Data distribution queue server (dataDistributionQueue actor): It is created when DD is initialized. It behaves as a server to handle RelocateShard related requests. For example, it waits on the stream of RelocateShard. When a new RelocateShard is sent by teamTracker, it enqueues the new shard, and cancels the inflight shards that overlap with the new relocate shard.

applyMetaMutations: This is special logic to handle private transactions that modify txnStateStore and special system keys. Transaction systems (i.e., commit proxy, resolver and tLogs) and storage servers perform extra operations for the special transactions. For any update, it will be executed on all commit proxies in order so that all commit proxies have a consistent view of the txnStateStore. It will also send special keys to storage servers so that storage servers know the new keyspace they are now responsible for.

A storage server (SS) processes all requests sent to the server in its storageServerCore actor. When a (private) mutation request is sent to a SS, the server will call the update() function. Eventually, the StorageUpdater class will be invoked to apply the mutation in applyMutation() function, which handles private mutations applyPrivateData() function.

If a new key range is assigned to a storage server, the storage server will receive a private mutation that changes the serverKeys (\xff/serverKeys/) and keyServers (\xff/keyServers/). Then the server will create transactions, just like an FDB client, to read key-value pairs in the assigned key range and write the data into its local storage engine.

If a key range is removed from a storage server, similarly the storage server will receive a private mutation that changes the serverKeys and keyServers. Once the private mutation is processed by the SS, the SS removes data in its versioned data.

Mechanisms

How is data distribution initialized?

When a data distribution role is created, it recovers the states of the previous DD from the system keyspace.

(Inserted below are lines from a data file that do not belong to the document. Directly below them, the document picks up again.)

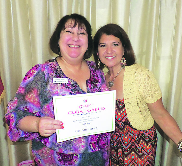 Among the evening’s highlights was the presentation of the annual Barbara Rosenthal Leadership Award by outgoing President Mayra Dominguez to Carmen Suarez. Carmen not only chaired the club’s first annual gala but has also held many other positions including the position of club secretary.
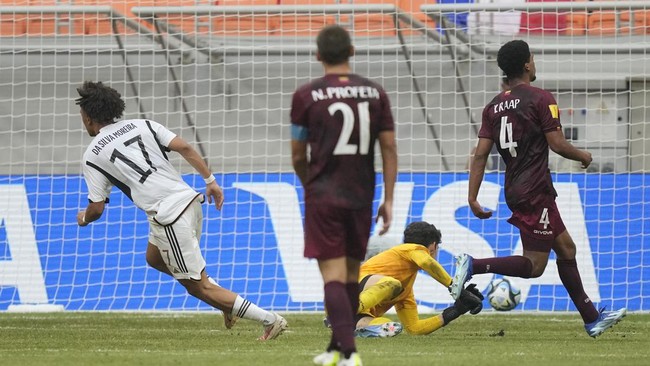 Jerman vs Venezuela tersaji pada Jakarta International Stadium pada laga Grup F Piala Dunia U-17 2023, Sabtu (18/11). Jerman langsung membuka keunggulan ketika laga baru berjalan satu menit.
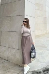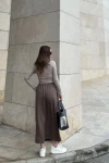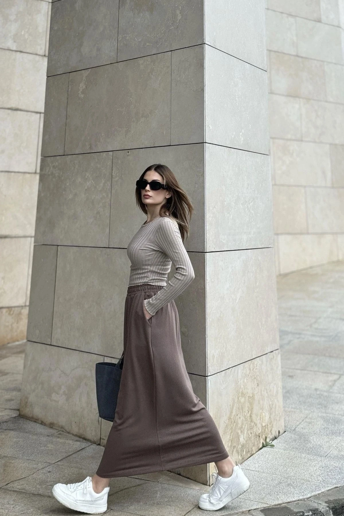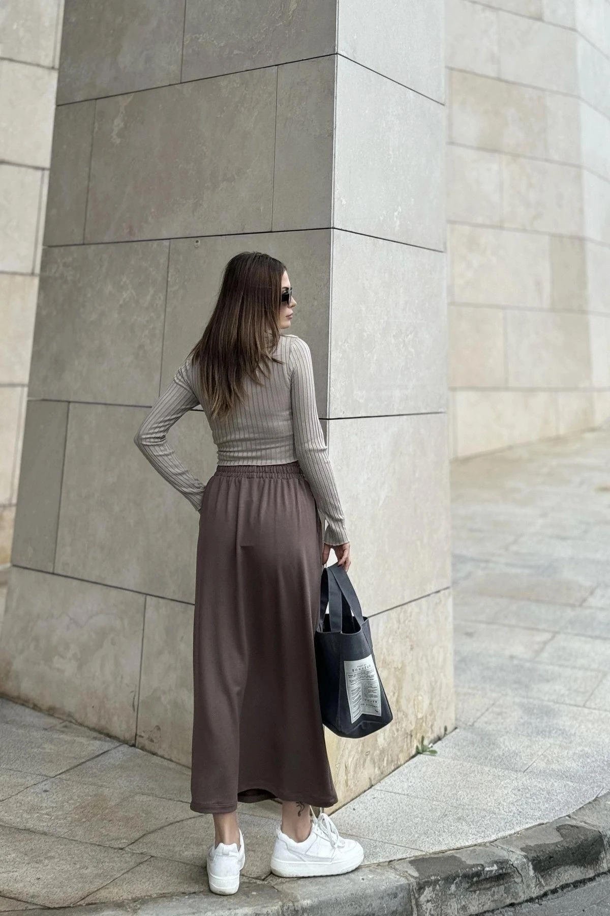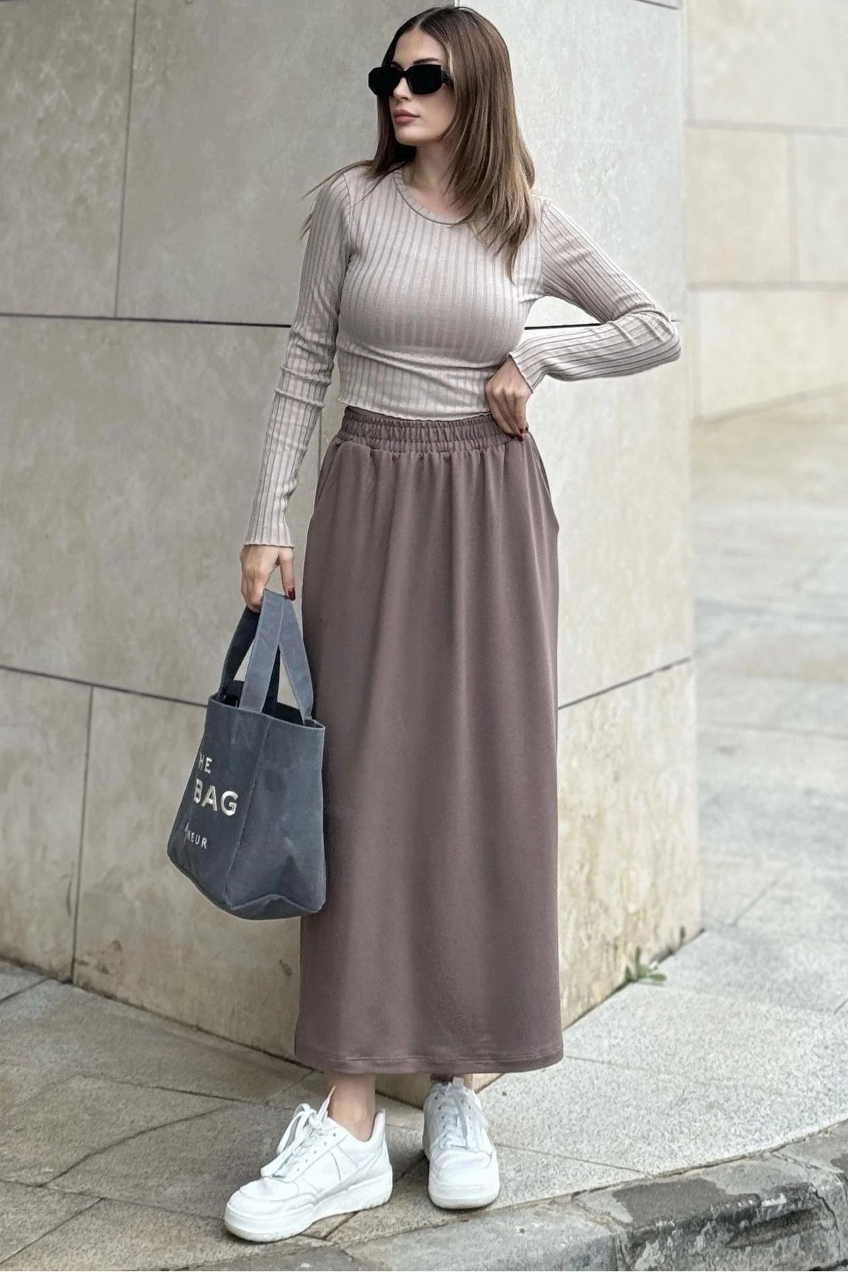 Kadın Kahve Beli Lastikli, Rahat Kalıp, Cepli Uzun Etek
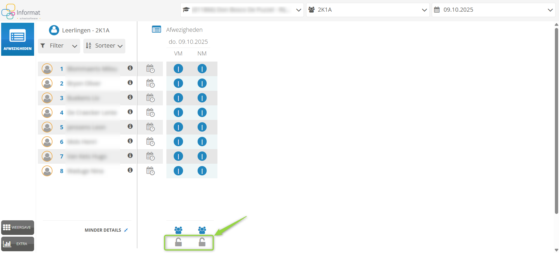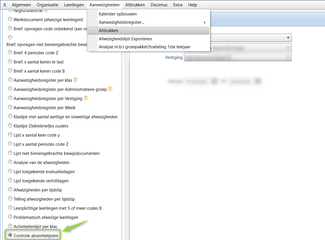 In de leerlingenadministratie kan onder menu 'Aanwezigheden' - 'Afdrukken' de afdruk 'Controle absentielijsten' afgedrukt worden. Hierop staat per klas vermeld op welke data de slotjes nog niet gesloten zijn. Handig om aan de leerkrachten te bezorgen, ter nazicht van die dagen.
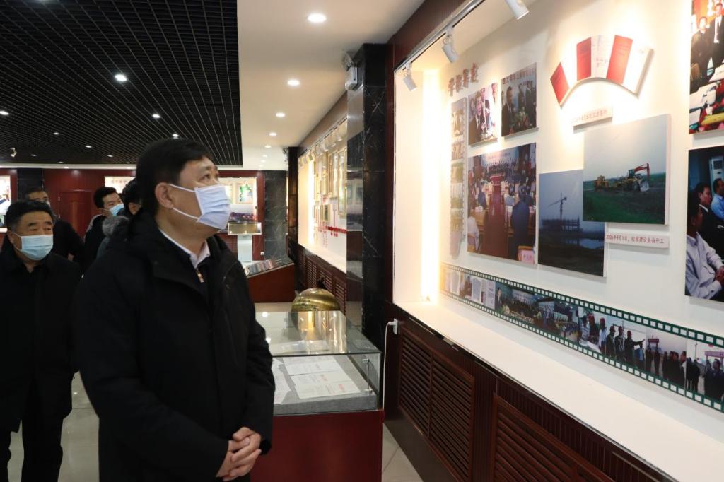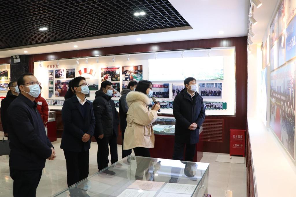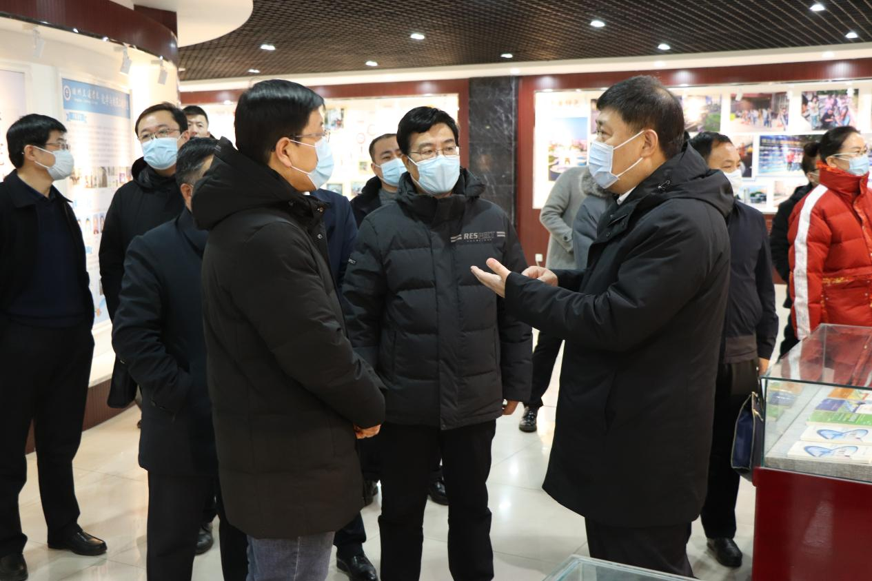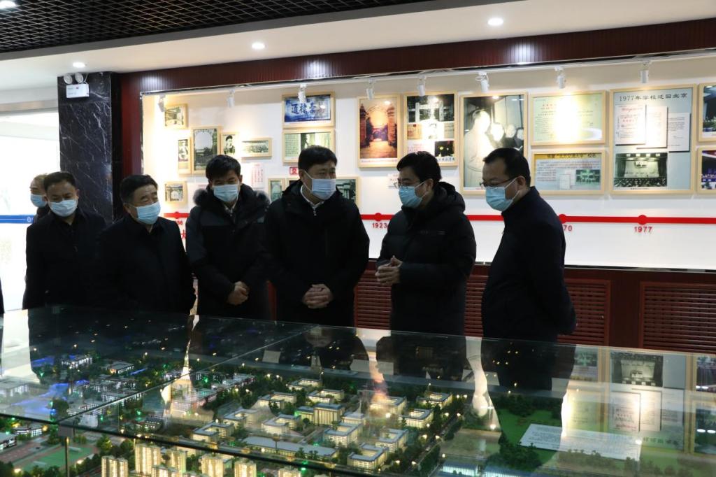 张力校长陪同戴副市长考察整体校园布局,并沿路介绍校园情况,随后一行人来到德赢官网校史馆进行参观。
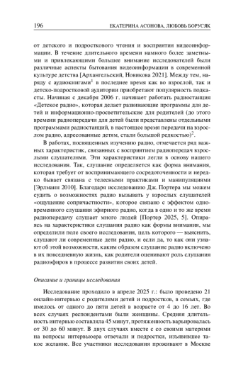 В работах, посвященных изучению радио, отмечается ряд важных характеристик, связанных с восприятием радиопередач взрослыми слушателями. Эти характеристики легли в основу нашего исследования. Так, слушание определяется как форма внимания, которая требует от воспринимающего сосредоточенности и нередко бывает связана с телесными практиками и манипуляциями [Эрлманн 2010]. Благодаря исследованию Дж. Портера мы можем судить о возможностях радио вызывать у взрослых слушателей «ощущение сопричастности», которое связано с эффектом одновременного слушания эфирного радио, когда в одно и то же время радиопередачу слушает много людей [Портер 2025, 5]. Опираясь на характеристики слушания радио как формы внимания, мы определили поле своего исследования, цель которого — выяснить, слушают ли современные дети радио, и если да, то как они узнают об этой возможности, каким образом слушание радио включено в их повседневную жизнь, как родители оценивают роль слушания радиоэфиров в процессе развития своих детей.
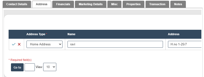 8. After that select Address Type, Name, Address, Street, City, Country, State and Post Code fill the details then click on right symbol.
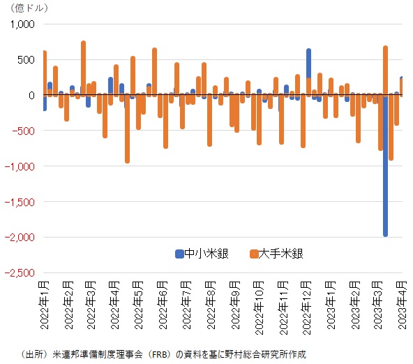 米銀の破綻をきっかけにした銀行不安とこうした資金シフトが重なる中で、大量の預金流出が起こったのである。第1週目は中小銀行から大手銀行に預金がシフトしたが、第2・3週目には、大手銀行からも預金が流出した(図表)。
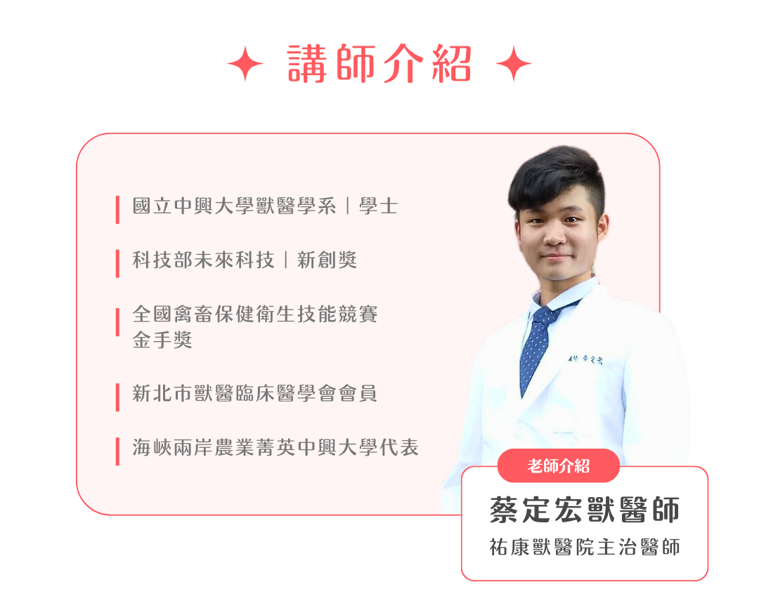 此次活動課程由行業內的專家蔡定宏獸醫師主講,探討高齡毛孩的注意事項,並分享照顧高齡寵物實用方法。透過深入的專業知識,您將能夠更好地照顧毛孩的健康需求!
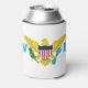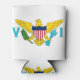 This can cooler pays tribute to the Virgin Islands' rich cultural diversity and natural beauty, featuring elements reminiscent of its iconic flag. The design prominently displays a white field with a simplified version of the Great Seal of the United States, which includes an eagle holding arrows and an olive branch, accompanied by the letters "V" and "I" symbolising Virgin Islands.
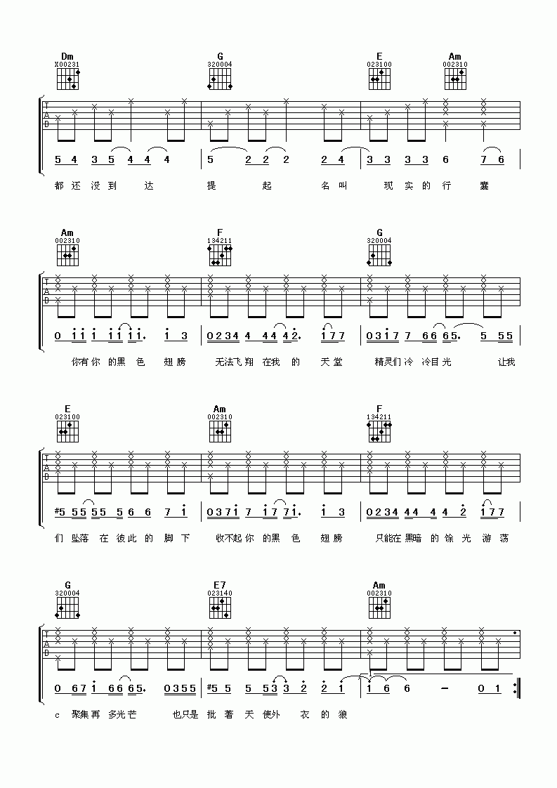 当前位置:琴谱网>吉他弹唱>黑色翅膀
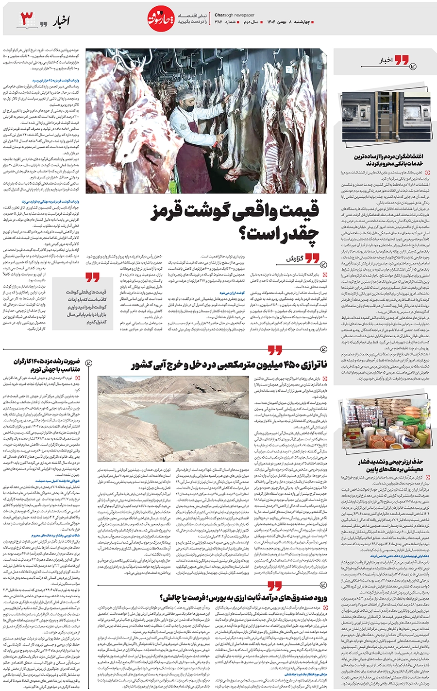 شماره ۳۸۶- چهارشنبه ۸ بهمن
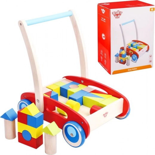 Stijlvolle houten loopwagen met blokken van het merk TOOKY TOY helpt kinderen vanaf 12 maanden bij de eerste stapjes en ontwikkelt hun vaardigheden. De stabiele constructie, het comfortabele handvat en de set van 23 gekleurde blokken stimuleren balans, motoriek en creativiteit tijdens het spelen en de eerste wandelingen.
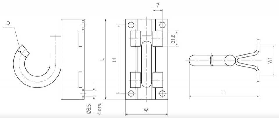 ∅d = М8; ∅D = 16.0 мм; W = 72.0 мм; W = 56.0 мм; L = 115.0 мм; L1 = 95.0 мм; Н = 103.0 мм
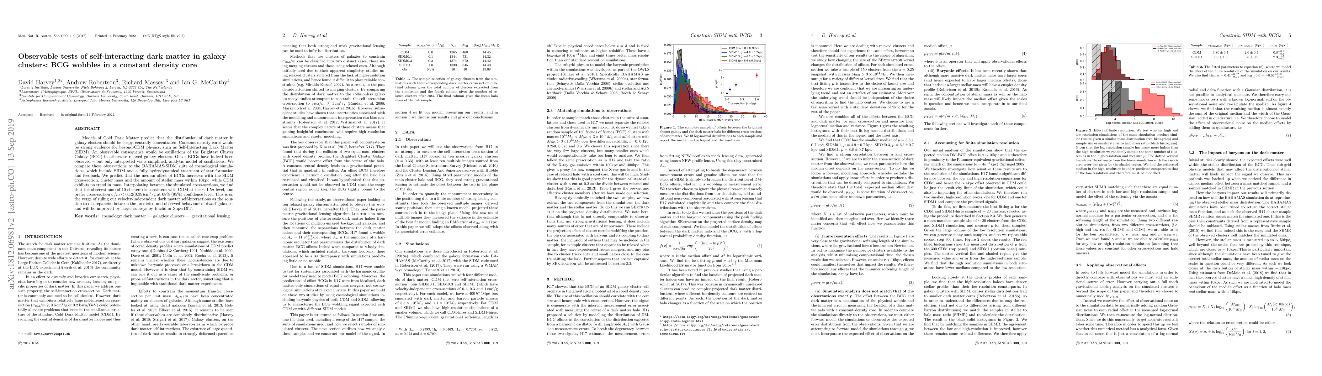This paper investigates the potential for Self-Interacting Dark Matter (SIDM) in galaxy clusters through the observation of Brightest Cluster Galaxy (BCG) wobbles, suggesting that constant density cores would indicate SIDM. The study finds that current observations are consistent with Cold Dark Matter (CDM) models at a 1.5σ level, ruling out strong SIDM interactions at 95% confidence.
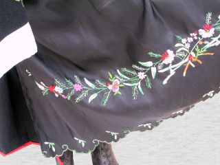 color verde scuro; poi di seta nera ricamato sul fondo a fiori di
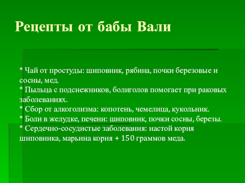2. Записать советы Мукановой В.И. по сбору лекарственных трав и лечебные рецепты
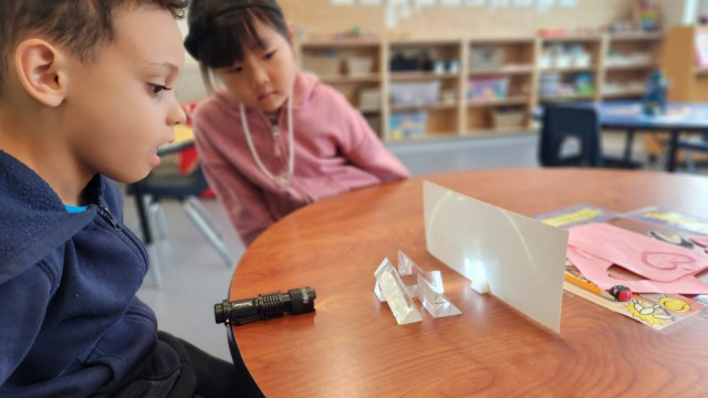 Division 11 have been learning about light and sound. We learned what makes light and how sounds are made. The kids all demonstrated a sense of wonder as we explored with different materials and activities!
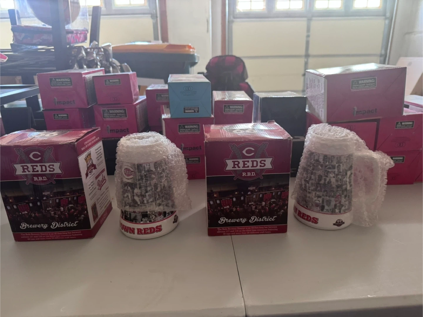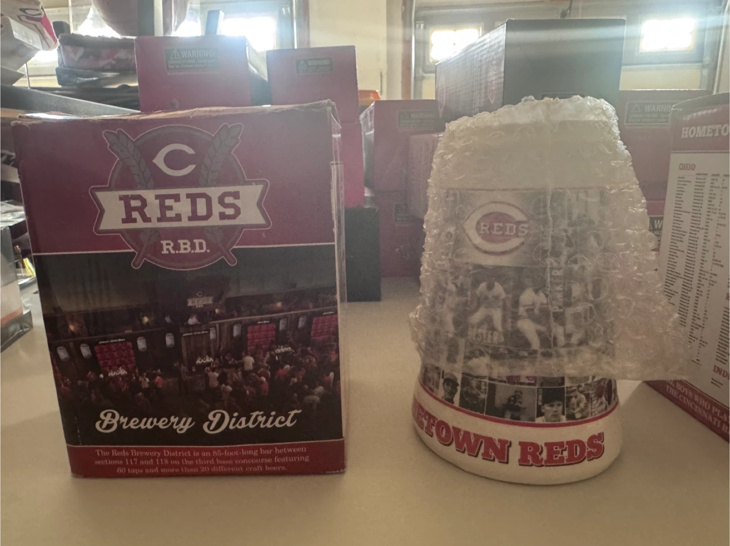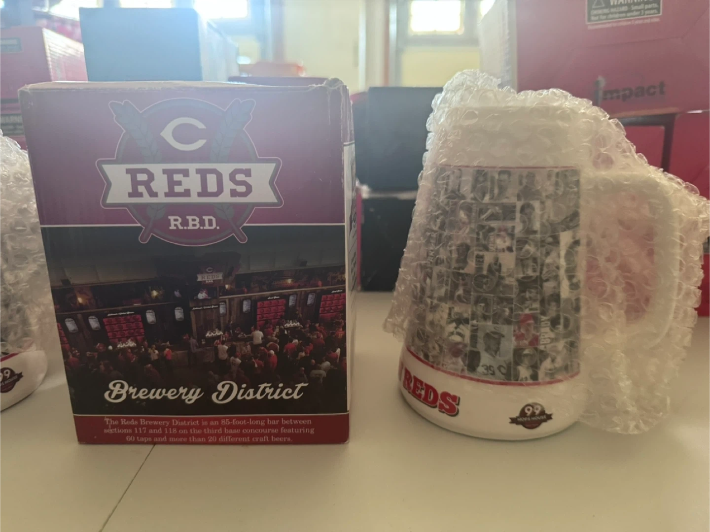 Selling two Cincinnati Reds Brewery District mug! It comes with its original box. It features the Reds R.B.D. logo and a picture of the Brewery District. Great items for any Reds fan!
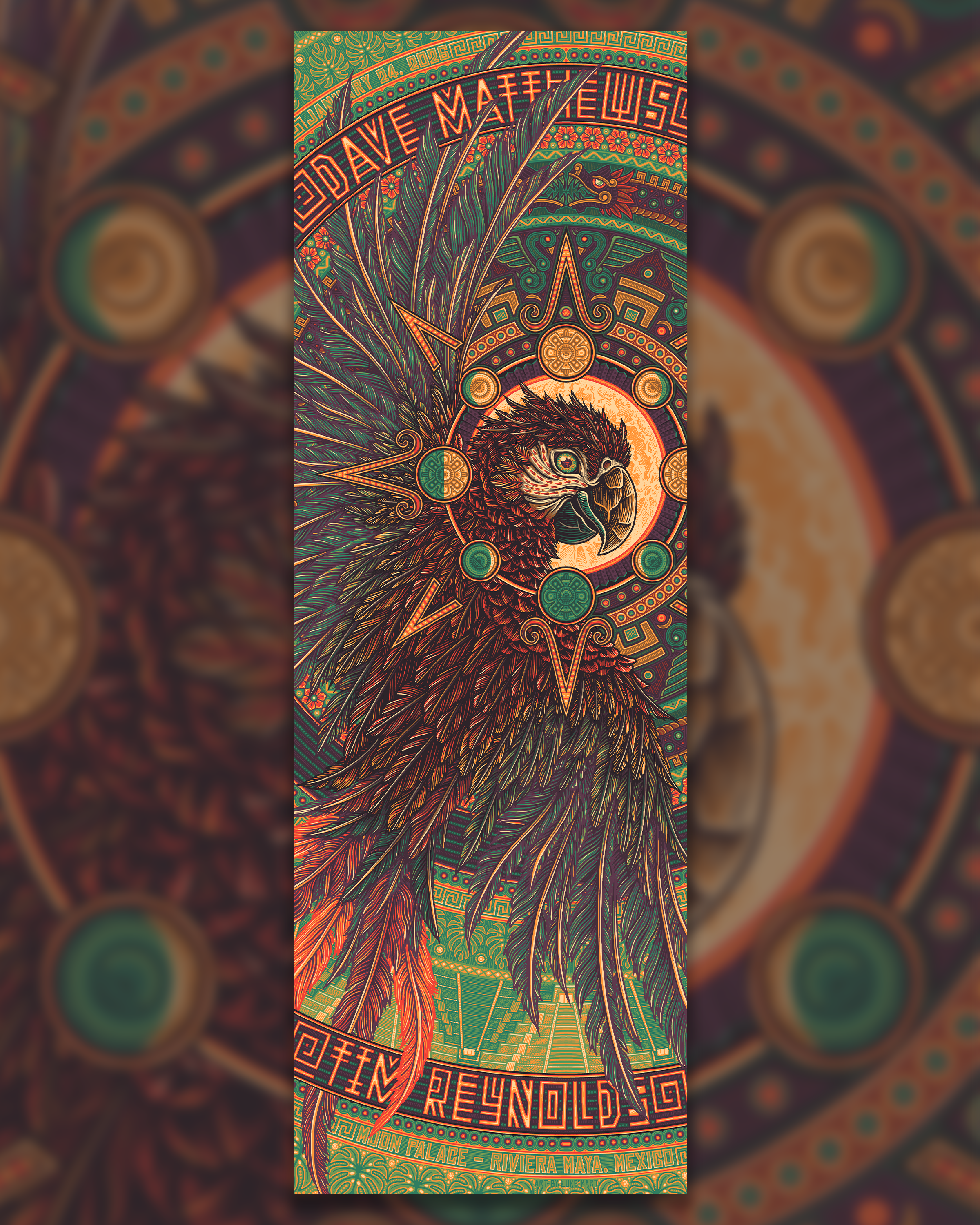 Excited to get the gig poster gears going in 2026 with some new work for Dave Matthews! Dave and Tim are doing their annual residency down in Mexico, and I was asked to put together a poster for Saturday night’s festivities. Been wanting to draw a scarlet macaw for a really long time now, so took this as an opportunity to blend the bird with some cosmic Mayan flavor and call it a day. For one reason or another, this was the most low-stress gig poster I’ve done in a really long time. Hopeful for more low-stress gigs in 2026.

First, it sets itself as the owner of the moveKeysLock. Then it collects the information of servers and shards, the map between servers and shards, and the replication configuration by reading DD-related system keyspace (i.e., serverKeys sub-space). Based on the information, the new DD recreates its components (e.g., servers, teams, and trackers) that matches the states of the previous DD. Trackers will evaluate the healthiness of servers and teams based on the replication policy. Unhealthy servers and teams will be removed and new servers and teams will be created if the replication policy is changed.

When to move keys?

Keys can be moved from a server to another for several reasons: (1) DD moves keys from disk-overutilized servers to disk-underutilized servers, where a servers disk-utilization is defined as the servers disk space usage; (2) DD moves keys from read-busy servers to read-cold servers if read-aware data distribution is enabled; (3) DD splits or merges shards in order to rebalance the disk usage of servers; (4) DD removes redundant teams when the team number is larger than the desired number; (5) DD repairs the replication factor by duplicate shards from a server to another when servers in a team fail.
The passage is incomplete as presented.